Expression of CAC0291 antisense to knockdown the CAC0291 gene (SEQ ID NO: 7), an enzyme involved in the production of methyltetrahydrofolate from methylene tetrahydrofolate, in the host microorganism Clostridium acetobutylicumum Was prepared in the same manner as in Example 1 above.

[SEQ ID NO: 7] CAC0291  gene

agctaaggtatgcaagcaaaataacatagatcttgtaaccattgcagattcaccaatgtcaaaagttagagtggattcagtaatgattgcatctaaaattaaaagagaactaggaatagaagttatgccgcatatatgttgtagagataagaatgtaaatgcaataaggtcaagtttacttgcagcacacatagaaggaataaggaatatacttgctataactggagatccagttacgggaattgataaggttaatactaaaagtgtttttaatttaaattcatataagcttatgaatcttataagtgaaatgaataaagaaacatttaaggaagataagataagtataggtggagcacttaatttgaatgtattgaataaggaagttgaagtaacaaggatgctaaagaaagtagaaaatggaggtacattttttctaactcaacctatatttaaagaagagactattgagttcttagctaagcttaagaaagatagaaatataaaaattataggaggagttctccctatagtaagttatagaaatattcagtttataaataacgagctcttcggagttgatatacctaaagaatatattgagagatttagtgtggatatgacaagacaagaggcagaagaagtgggagtaaatttagctagggaacttatagctaaaattaggaactatgtagatggtatatatattgttacaccatttaatagaatcggtatggtaatgaaaatactcgaaaatgttaggaagtga-3 '

[SEQ ID NO: 8] CAC0291 Antisense

5'-ctgctgcctttctagctatcatataccctttagttattatattttctaattctgtcttcgatatatccatagttaaagtatttgctgaaaatgtatttgttctaataagtttagctcccgactttatatactctttatggatattaagtattacttctggattagttaaattagcaaattcacaaaaattattataatctccagtggttttagaataatatgttcccattgccccatccgtaactaaaacattattttttatatattcacgtatcactgtattcaccatccacacctataaattatattacttatattctaacatacagttcaatctttttatacttcattatattatttacataaaataaaagtggtttacatatacaacttatagaataagttatatatgtaaaccactttaaaaccatttatataattggaggcg-3 '

Namely, using the genomic DNA of Clostridium acetoButylicum ATCC 824 as a template as the template for the PstI and AvaI restriction sites of the pTHL1-Cm vector having the thiolase promoter, amplification was performed using SEQ ID NO: 3 and SEQ ID NO: 4 One DNA fragment was cloned.

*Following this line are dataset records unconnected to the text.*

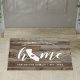 Mostre algum orgulho do estado doméstico com esta fofinha porta de prancha de madeira rusticada apresentando "home" em cartazes com script de caligrafia branca com um mapa da silhueta do estado da Califórnia em pé para a letra "O". Um dentro cor-de-rosa para ilustração cardíaca no mapa do estado completa o design; você pode mudar a posição do coração para sua cidade natal abrindo a ferramenta design e arrastando a forma do coração para seu lugar favorito. Personalize com sua cidade natal, seu nome familiar e ano estabelecidos para criar um toque perfeito para sua porta dianteira, ou um presente memorável de inauguração de casa.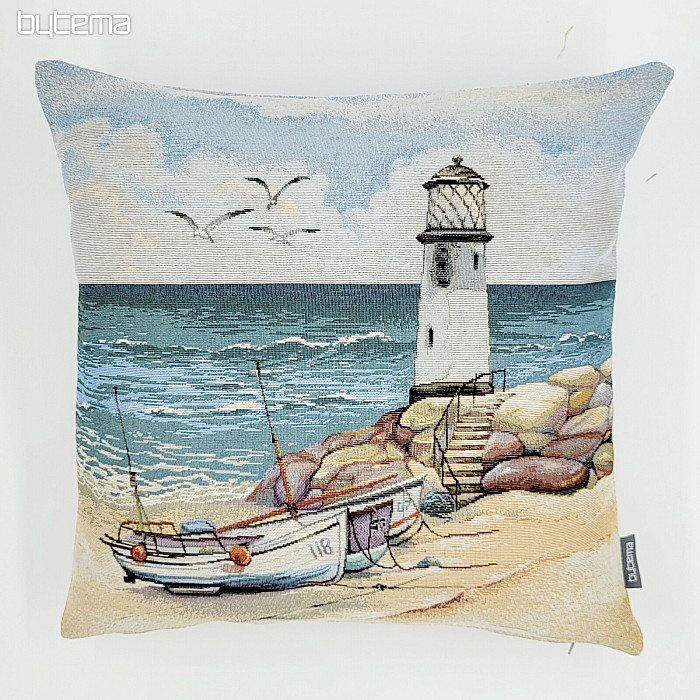 A tapestry cover with a nautical motif, where a lighthouse definitely belongs at low tide. A beautiful combination of covers and fabrics with a sea breeze.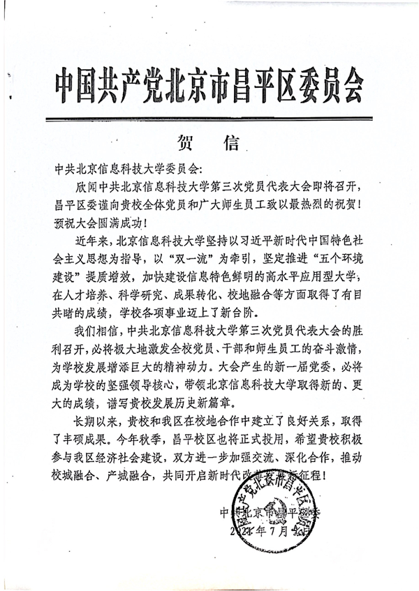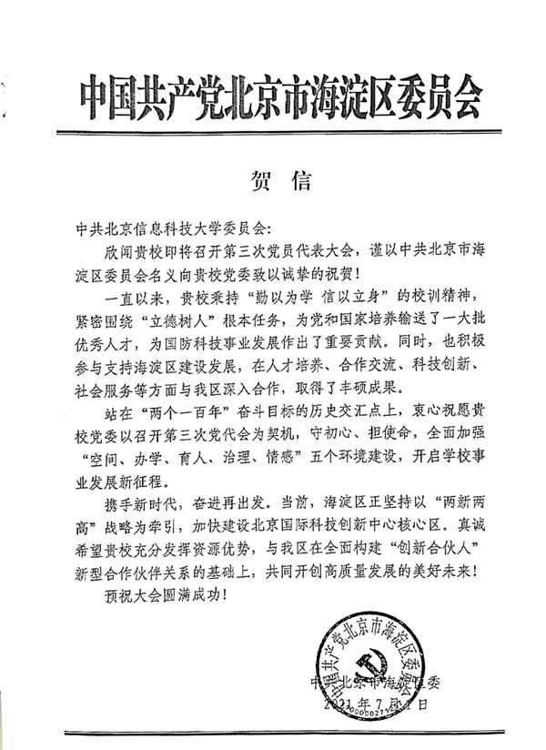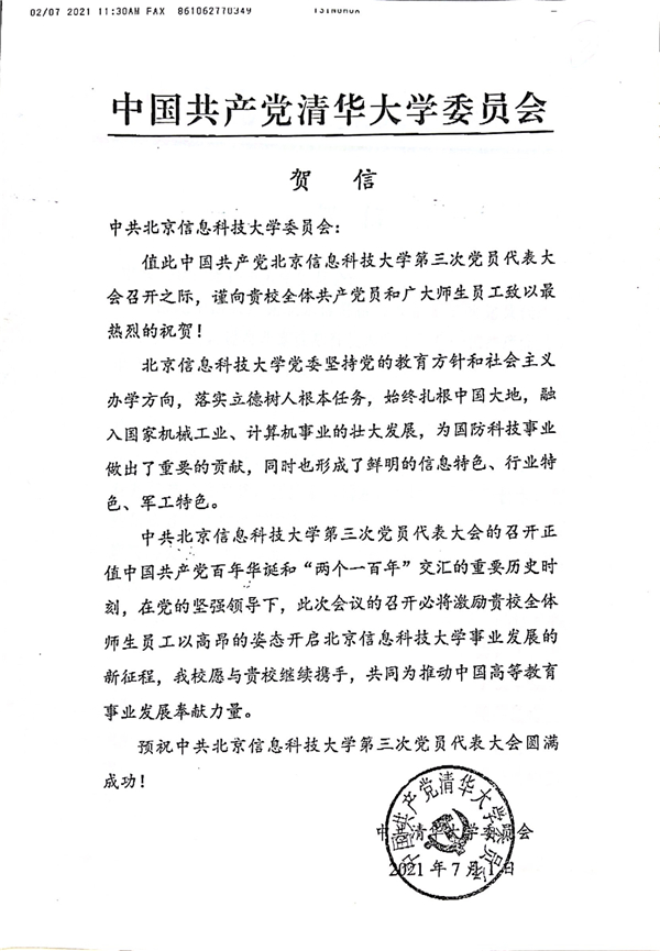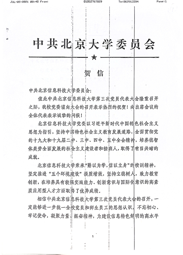 7月6日至8日,我校第三次党代会胜利召开。党代会召开前夕,学校收到北京大学、清华大学、湖南大学、电子科技大学、西安电子科技大学、北京工业大学等82所兄弟院校,中共海淀区委、中共昌平区委等党政机关发来的贺信贺电,祝贺学校第三次党代会胜利召开,预祝大会取得圆满成功!

[SEQ ID NO: 3]: 5'-CTGCAGCTGCTGCCTTTCTAGCTATC-3 '

[SEQ ID NO: 4]: 5'-CCCGGGCGCCTCCAATTATATAAATGG-3 '

Example  3: Clostridium of the plasmid Acetobutylicum  Transformation

The recombinant vectors prepared in Example 1 and Example 2 were introduced into clostridium acetobuttilicum. Prior to this, methylation of vectors was induced to be suitable for transformation into clostridium, that is, Bacillus subtilis Phage 3T I methyltransferase expression vector, pAN1 (Mermelstein et al. , Appl Environ Microbiol, 59:. .. 1077, 1993) for containing the E. coli TOP 10 (Invitrogen Corporation, Carlsbad, Calif, USA) examples 1 and 2 lead to methylation and introducing the produced recombinant vector in Respectively. Two methylated vectors were isolated and purified from Escherichia coli and introduced into Clostridium acetobutylicum ATCC 824 strain known as a type strain to prepare a recombinant mutant microorganism.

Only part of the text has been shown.